Records for this exercise:
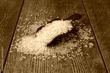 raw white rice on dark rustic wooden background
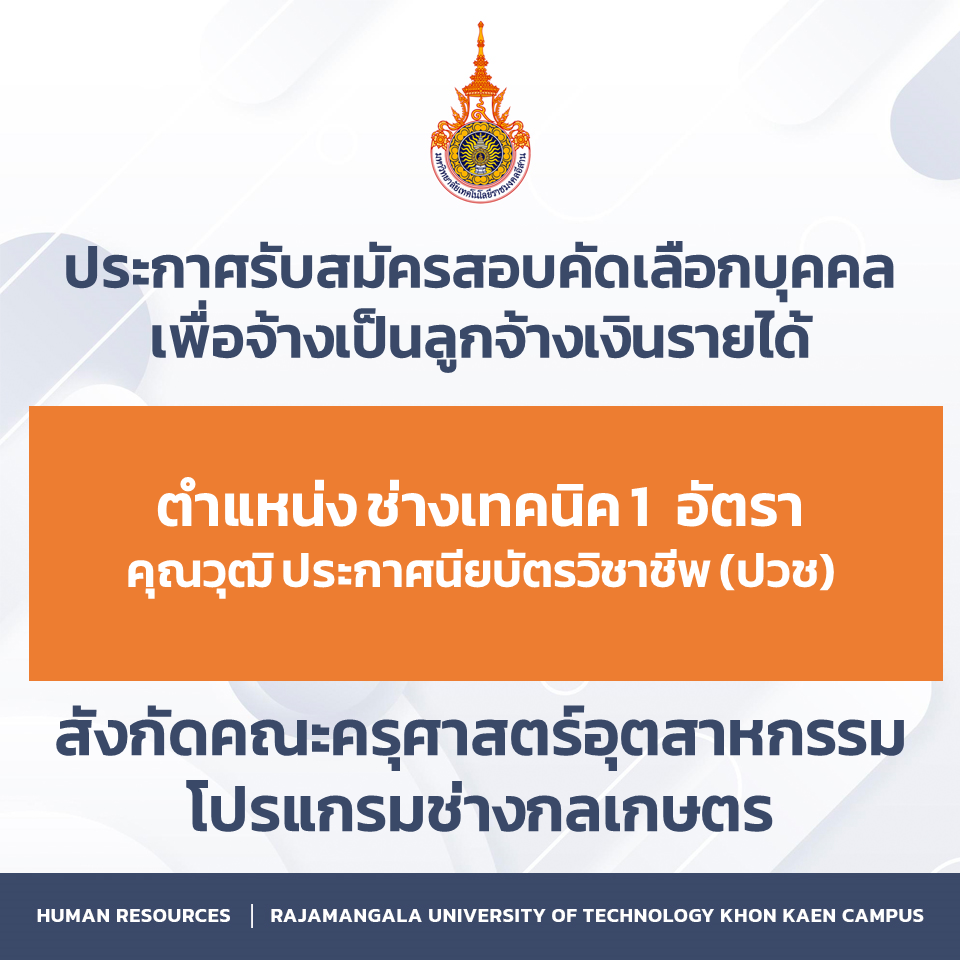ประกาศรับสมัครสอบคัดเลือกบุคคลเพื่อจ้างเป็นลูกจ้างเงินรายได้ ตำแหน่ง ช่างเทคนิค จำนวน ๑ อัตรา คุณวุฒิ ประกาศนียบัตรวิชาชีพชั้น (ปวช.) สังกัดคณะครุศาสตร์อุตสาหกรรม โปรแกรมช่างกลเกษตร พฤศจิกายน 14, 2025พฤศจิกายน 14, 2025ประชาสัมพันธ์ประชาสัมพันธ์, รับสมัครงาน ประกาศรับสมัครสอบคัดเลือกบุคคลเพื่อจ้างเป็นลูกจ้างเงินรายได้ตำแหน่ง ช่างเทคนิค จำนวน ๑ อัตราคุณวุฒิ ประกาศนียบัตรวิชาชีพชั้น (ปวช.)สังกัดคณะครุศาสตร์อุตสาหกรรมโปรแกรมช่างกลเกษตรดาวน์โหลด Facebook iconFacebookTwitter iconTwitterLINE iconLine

---

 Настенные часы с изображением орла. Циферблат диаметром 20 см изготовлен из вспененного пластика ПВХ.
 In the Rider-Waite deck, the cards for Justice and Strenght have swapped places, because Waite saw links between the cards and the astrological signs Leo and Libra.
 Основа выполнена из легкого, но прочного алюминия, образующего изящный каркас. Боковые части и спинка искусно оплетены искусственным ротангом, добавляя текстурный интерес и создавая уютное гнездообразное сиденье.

What you have to do:
In the data above, start at the line holding "raw white rice" and stop after the line holding "iconFacebookTwitter iconTwitterLINE iconLine"; write out those lines exactly, without pictures.

Answer section:
 raw white rice on dark rustic wooden background
ประกาศรับสมัครสอบคัดเลือกบุคคลเพื่อจ้างเป็นลูกจ้างเงินรายได้ ตำแหน่ง ช่างเทคนิค จำนวน ๑ อัตรา คุณวุฒิ ประกาศนียบัตรวิชาชีพชั้น (ปวช.) สังกัดคณะครุศาสตร์อุตสาหกรรม โปรแกรมช่างกลเกษตร พฤศจิกายน 14, 2025พฤศจิกายน 14, 2025ประชาสัมพันธ์ประชาสัมพันธ์, รับสมัครงาน ประกาศรับสมัครสอบคัดเลือกบุคคลเพื่อจ้างเป็นลูกจ้างเงินรายได้ตำแหน่ง ช่างเทคนิค จำนวน ๑ อัตราคุณวุฒิ ประกาศนียบัตรวิชาชีพชั้น (ปวช.)สังกัดคณะครุศาสตร์อุตสาหกรรมโปรแกรมช่างกลเกษตรดาวน์โหลด Facebook iconFacebookTwitter iconTwitterLINE iconLine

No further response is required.